4. The method of claim 1 , wherein the chromatin is cleaved by one or more nucleases comprising: CRISPR-associated endonuclease (Cas), a nuclease from the Argonaute family of endonucleases, restriction enzymes, zinc-finger nucleases (ZFNs), transcription activator-like effector nucleases (TALENs), DNases, meganucleases, endo- or exo-nucleases, or combinations thereof.
5. The method of claim 1 , wherein the reverse transcription is conducted in situ.
6. The method of claim 5 , wherein the reverse transcription is conducted in the presence of an oligonucleotide dT primer and a mixture of primers that do not anneal to ribosomal RNA (rRNA).
7. The method of claim 5 , wherein the reverse transcriptase primers comprise unique barcodes to distinguish RNAs from chromatin targets.
8. The method of claim 1 , wherein the MNase-digested sites and cDNA are simultaneously tailed and ligated with oligonucleotide adaptors.
9. The method of claim 8 , wherein the oligonucleotide adaptors are barcode adaptors allowing for identification of cleaved chromatin.
10. The method of claim 1 , wherein the cells are sorted by flow cytometry or by dilution.
11. The method of claim 9 , wherein single cells are resolved by identifying each unique combination of barcodes and indexes.
12. A method of diagnosing or prognosing an illness in an individual, comprising
obtaining a chromatin occupancy and RNA profile produced according to the method of claim 1 ,
wherein the cells of interest are from the individual; and,
using the chromatin occupancy and RNA profile to diagnose or prognose the illness.
13. The method of claim 12 , wherein the cells are fixed with a fixative agent prior to the nuclease mediated cleavage of the cellular genome comprising comparing the chromatin occupancy and RNA profile from the individual's cells with a chromatin occupancy and RNA profile obtained from a normal individual.
14. The method of claim 12 , wherein the illness is cancer.
15-22. (canceled)
23. A method of treating an individual for cancer, comprising:
a. detecting the presence of cancer in the individual using a method comprising subjecting cells from the individual to the method of claim 1 ; and,
b. administering to the individual a cancer therapeutic agent.

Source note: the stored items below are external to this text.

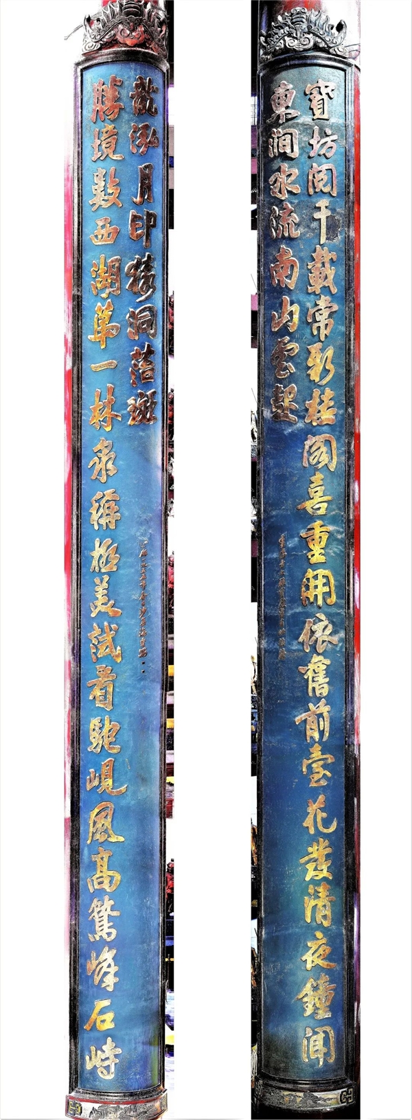 整联以饱含激情的笔墨,借联抒怀,赞誉东南佛寺之冠灵隐寺。千载常新、楼阁喜重开、前台花发、南山云起、试看驼岘风高、龙泓月印 、猿洞苔斑等联句,暗喻千年古刹,虽经坎坷,仍然高僧辈出,法脉延绵。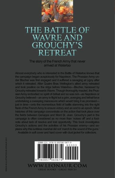 The story of the French Army that never arrived at Waterloo Almost everybody who is interested in the Battle of Waterloo knows that the campaign began auspiciously for Napoleon. The Prussian Army under Blucher was first engaged and it suffered a savaging at Ligny after which it retreated. After Quatre Bras Wellington's allied army retreated and took position on the ridge before Waterloo-Blucher, harassed by Grouchy retreated towards Wavre. Though thoroughly mauled, the Prussian Army embodied no spirit of defeat and so was not-as Napoleon or Grouchy believed-an army in flight but a grim, avenging and lethal force undertaking a sweeping manoeuvre which would bring it as promised-just in time-onto the momentous field of battle slamming into the right flank of the French Army to ensure victory and an end to an epoch. Most histories of this campaign concentrate on the action that took place over the fields between Genappe and Mont St. Jean. Grouchy's part in the campaign is often considered as no more than 'noises off' and a footnote about lack of resolve and lost opportunity. This book investigates Grouchy's actions and the activities of his Prussian enemy-and explains why this luckless marshal did not 'march to the sound of the guns.' Available in soft cover and hard cover with dust jacket for collectors.
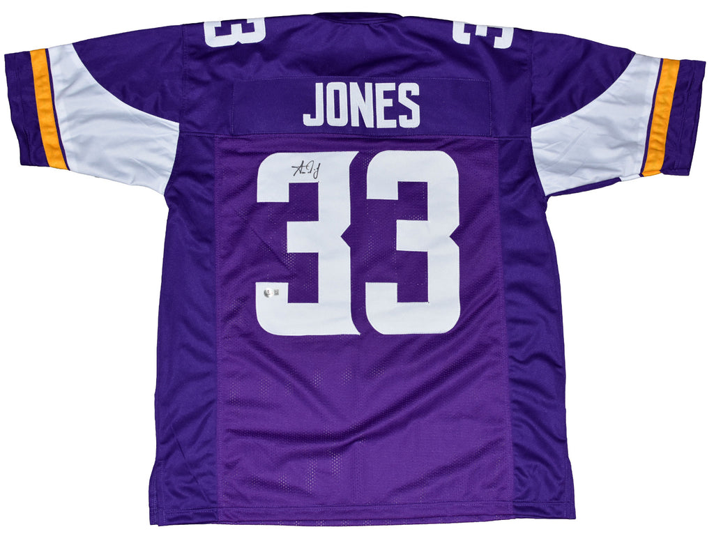Aaron Jones, star running back for the Minnesota Vikings, has hand signed this purple custom jersey at a private signing. Jersey is size XL and all letters/numbers are sewn-on. This item is authenticated by Beckett Authentication Services and was signed in the presence of one of their representatives. Their tamper-evident hologram featuring a QR code and serial number is on the item. The authenticity can be verified online by entering the serial number or scanning the QR code.Item pictured may not be the exact item you will receive. It will be similar quality, and we guarantee your satisfaction.

24. A method of determining cellular heterogeneity of a solid tumor sample from a patient, comprising
obtaining a chromatin occupancy and RNA profile in individual cells in the sample using a method comprising:
crosslinking the cells using a fixative agent;
performing chromatin cleavage on the cells and subjecting the cells to reverse transcription;
subjecting the cells to terminal deoxynucleotidyl transferase (TdT)-mediated oligonucleotide addition to both cDNA and chromatin cleaved ends in the presence of an oligonucleotide adaptor; or,
subjecting the cells to end repair, deoxyadenosine addition to the DNA ends, followed by T/A ligation of barcoded adaptors to DNA and primer-assisted ligation of the adaptors to cDNA ends)
pooling the cells from each reaction well and sorting or diluting the pooled cells into new wells, followed by one or more amplification steps; and, subjecting the sorted cells to a library construction and sequencing;
thereby simultaneously producing a profile of chromatin occupancy and RNA in each individual cell; and
using the chromatin and RNA profile of each cell in the tumor sample to determine the cellular heterogeneity of the tumor sample.

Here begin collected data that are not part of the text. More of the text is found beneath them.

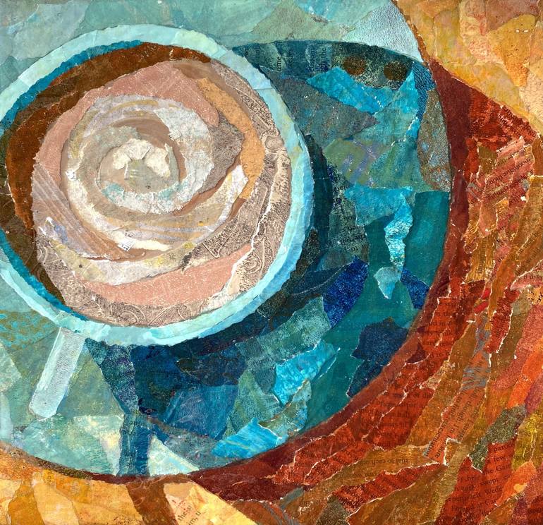 This method of painting involves many steps, including several days of making monoprints with acrylic paint onto various papers (old maps, sheet music, book pages, rice paper, etc.). I let the prints dry and then separate them by color. I then choose just the right hue and value of paper, tear it in...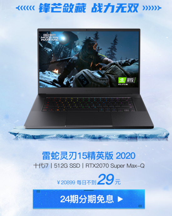 这次夏日清凉套餐的主打是雷蛇灵刃15精英版2020款游戏本,一款让你华丽变身的作战装备。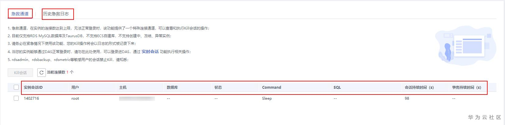 Ø 紧急Kill会话:当数据库实例的连接数达到上限,无法正常登录时,该功能将会提供一个特殊连接通道,帮助用户查看和执行Kill会话的操作。

25. The method of claim 24 , wherein the determination of the cellular heterogeneity of the tumor accurately diagnoses stages and nature of the tumor.
26-47. (canceled)
48. The method of claim 24 , wherein the chromatin is cleaved by a nuclease selected from the group consisting of a protein A-Micrococcal Nuclease (pA-MNase) fusion protein targeted by an antibody specific for a cleavage site, protein G-Micrococcal Nuclease (pG-MNase) fusion protein targeted by an antibody specific for a cleavage site, a CRISPR-associated endonuclease (Cas), a nuclease from the Argonaute family of endonucleases, a restriction enzyme, a zinc-finger nuclease (ZFN), a transcription activator-like effector nuclease (TALEN), a DNase, a meganuclease, an endo- or exo-nuclease, and combinations thereof.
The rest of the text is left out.